Крепостью здоровой жизни било в лицо из сада и от земли, лежащей без оков асфальта, дышалось здесь незаметно и глубоко, и он забыл о теще, о том, зачем вышел из дома, все кружил и кружил по саду, наклоняясь под ветками, кое-где чуть не ложась животом на землю под ними, ступая по свежей, нежной, еще с молочной желтизной траве.
Но постепенно Андрей Данилович стал мрачнеть, хмуриться. Хоть и вольно дышалось ему здесь и свежесть воздуха разгоняла по телу кровь, все же видел он запущенность сада, появившуюся в нем дикость. Груша-то ладно, бог с ней, пусть растет, пусть дает тень и покой, пускай отдыхают под ней на скамейке гости, но разрослись и яблони, сцепляются кронами, а кусты малины, крыжовника и смородины возле забора переплелись так плотно, что думалось — если упасть на кустарник сверху, то не провалишься, а будешь лежать на нем, как на пружинном матраце. Что и говорить, не всегда хватает времени на сад, да и не та уж хватка в руках и сила, видно, стареет.
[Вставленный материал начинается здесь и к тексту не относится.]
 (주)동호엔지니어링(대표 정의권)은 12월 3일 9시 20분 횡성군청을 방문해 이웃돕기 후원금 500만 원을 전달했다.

Он остановился под яблоней, приподнял правую бровь и остро глянул по сторонам, примечая не только запущенность сада, но и другие недостатки, ущербины в своем хозяйстве: темные доски в заборе, щели, посеревший затоптанный в землю песок на дорожке у дома, ржавые сбитые обручи на бочке под водосточной трубой, отставшие доски на крыше сарая. В ладонях появился жар, и стало досадно, что приходят сегодня гости, а то взял бы топор и лопату и поработал бы до позднего вечера, да так, чтобы выжать после работы рубашку.
За сараем, в закутке между стеной и забором, Андрей Данилович неожиданно натолкнулся на выкопанные кусты смородины и долго неподвижно стоял над ними.
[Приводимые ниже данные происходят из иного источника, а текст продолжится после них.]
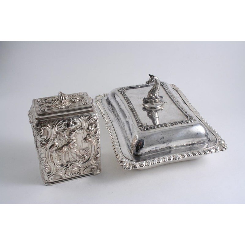 with embossed decoration & a hinged cover and a plated entree dish & cover with heraldic crest finial; the caddy 5.8" (14.8 cms) high (2)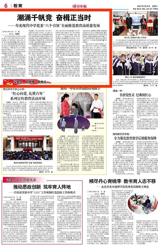 潍坊日报A6版发表我校推动教育高质量发展工作纪实文章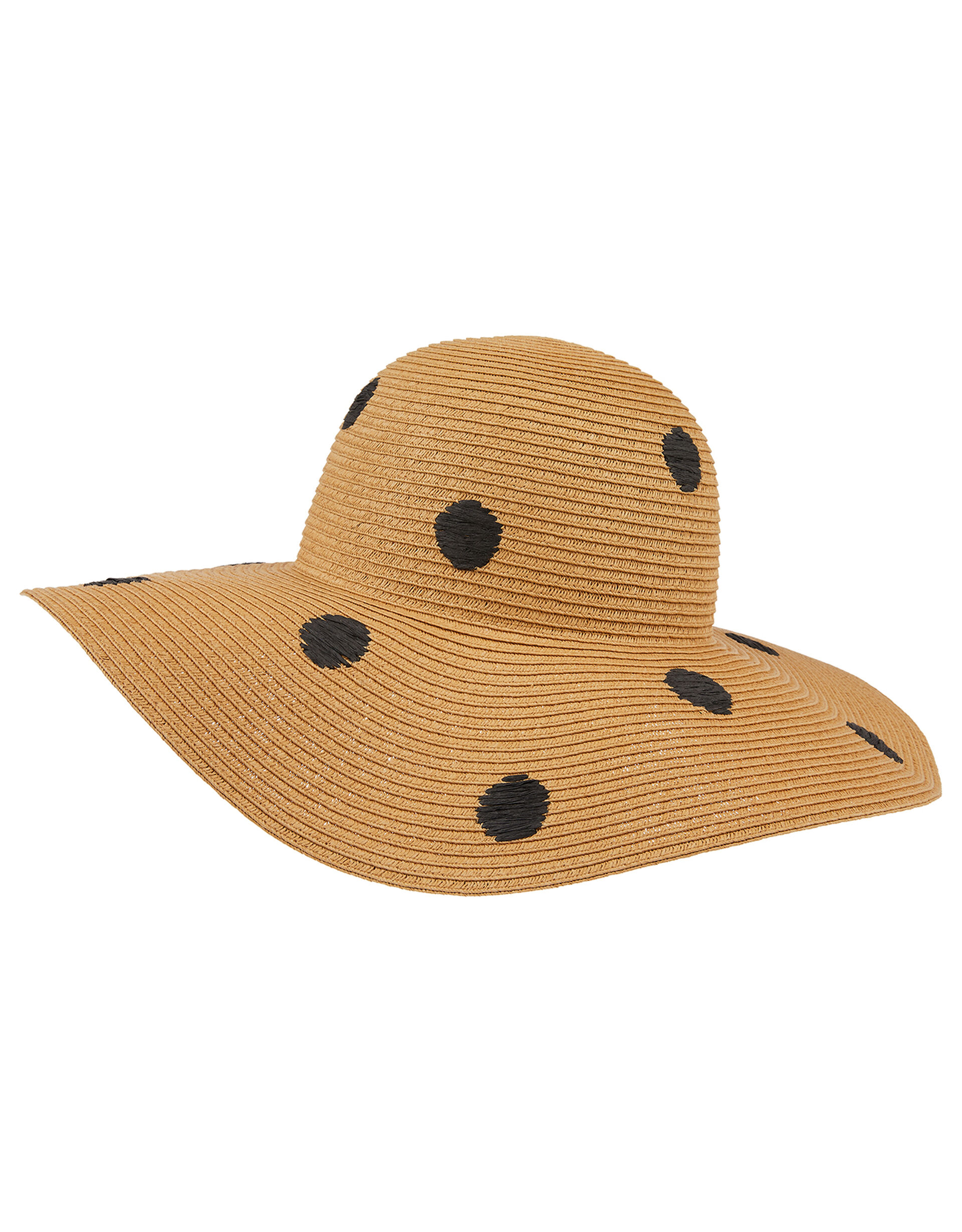 An effortless finishing touch for your holiday wardrobe, this wide-brim floppy hat features a simple, easy-to-style weave with a polka dot pattern.

Кусты лежали, забытые здесь, уже как хворост иссохшие, мертвые. Выкапывал он их еще, в начале прошлой весны, отнес сюда — в закутке было тенисто и влажно — заботливо засыпал корни землей. Думал тогда, что, может, заглянет кто из садоводов, и он отдаст кусты. Но никто не пришел, земля на корнях смородины рассыпалась в прах. Да и вообще давно, ой, как давно, не заглядывали к нему садоводы. Последний раз были, помнится, уже несколько лет назад: приезжали из дальнего района области набираться опыта, по чьей-то подсказке забрели и к нему. Их было трое, и все — в тяжелых сапогах, в синих костюмах с помятыми лацканами на пиджаках. Кожа на лицах и руках — дубленая ветром и солнцем. Молчаливые, сосредоточенные, они ходили по саду и, размышляя, одинаково морщили лбы и одинаково напряженно шевелили белыми, выгоревшими, бровями. Он дивился на них и с любопытством спросил:
— Да вы, никак, родственники?
Старший кивнул на остальных головой:
— Сыны мои: Степан и Гришка.
Получилось: «Гхришка», и Андрей Данилович навострил уши.
— Вы вроде бы украинцы?
— Наполовину, — усмехнулся старший. — Я то есть… А они совсем обрусели. Отец мой — переселенец с Украины. Снежко. Хутор его стоял, где сейчас наше село. Народ и окрестил Снежков хутор. Потом и мы стали Снежковы. Так и в паспортах теперь значимся.